Location-aware devices are devices capable of determining their physical location, actively or passively, in relation to a known reference or references. They play a vital role within the areas of connected and autonomous vehicles (CAV) and 5G communication networks, as next-generation Internet of Things (IoT) devices are expected to have reliable, high-accuracy location detection capabilities. For example, the transition to autonomous vehicles will be underpinned in part by so-called "Vehicle-to-Vehicle" (V2C) communication, in which vehicles are able to wirelessly exchange information about their surroundings - their location, speed, etc. - with each other. The importance of location information in handheld and wearable IoT devices is well established and was recently reinforced by the importance of contact tracing apps as part of the national response to the COVID-19 pandemic.

While recent years have made strong advancements, there are still considerable challenges in the reliable performance of location-aware technology that must be overcome to enable successful deployment in complex and safety-critical real-world environments, particularly when devices are travelling at high speeds. This research project aims to perform research and development regarding agile artificial intelligence (AI) and machine learning (ML) algorithms for addressing issues such as mutual sensor interference and location awareness accuracy, particularly as it pertains to the reliability of self-driving and remotely monitored vehicles.

We can summarise the project in terms of three main objectives. Firstly, we will develop AI/ML algorithms for a full-mesh location-aware system, which considers factors such as antenna characteristics, propagation channels, and interference within complex real-world environments. We will proceed to embed these algorithms into bespoke location-aware IoT testbeds, capable of modelling a range of environments, and develop graphical tools for demonstration and testing purposes.

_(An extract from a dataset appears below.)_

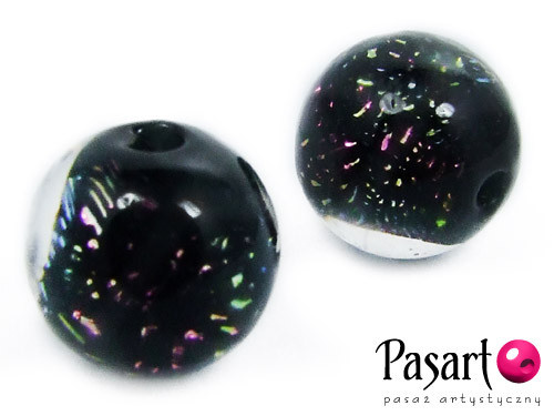 Koraliki szklane iryzowane, czarne / kula / 12mm / 2mm / 1szt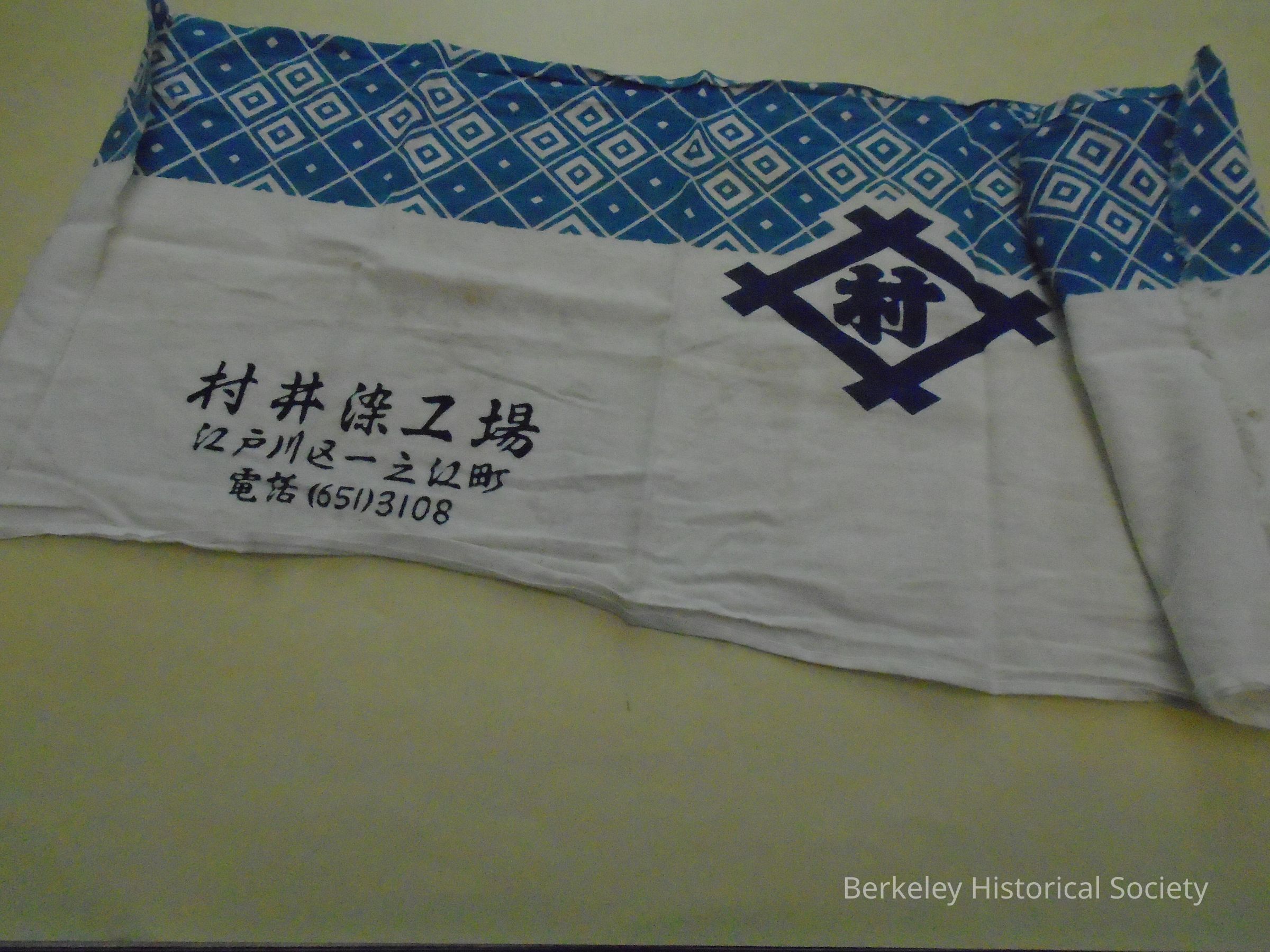 Rectangular cotton headband. White with blue print across top, japanese character (logo?) in middle. Japanese characters and telephone number (615) 3108 at bottom. Headband of the type worn by laborers (carpenters, gardeners) around head & knotted in back, From Margot Guinn estate.Made/Created

We propose to use a network of commercially available 'Swarm' radio modules - a network of independent nodes capable of performing time-of-flight ranging to all connected nodes to determine real-time location using broadband UWB and CHIRP communication protocols. Finally, we will develop evaluation and validation methods for location awareness accuracy improvement for moving objects.

With respect to the EPSRC's research priorities, this project aligns closely with the research council's focus on 'Pervasive and ubiquitous computing'; developing context and location awareness is an important part of integrating IoT smart technologies into areas such as transport and urban infrastructure, and complements EPSRC's C2 and C3 Connected Outcomes to achieve transformational development in the Internet of Things and deliver intelligent and connected solutions in the transport sector. The development of innovative AI algorithms complements the focus on Artificial Intelligence technologies, as well as 'ICT networks and distributed systems', through our use of full-mesh 5G networks to facilitate location estimation, and our research into mitigating factors such as mutual sensor interference.

The project is in collaboration with the National Physical Laboratory (NPL), the UK's national measurement standards laboratory, and the research supports a government theme on CAV systems, focusing on the successful introduction of reliable driverless and driver-assisted vehicles. AI, sensor and control systems are revolutionising terrestrial, marine and aviation transport services, and automation is a government priority with the potential to disrupt models of vehicle ownership. This, combined with the transition to electric vehicles, is an important step towards achieving net-zero CO2 targets within the transport sector, and we believe our work has strong potential to increase the integration of automation-based technology in this area.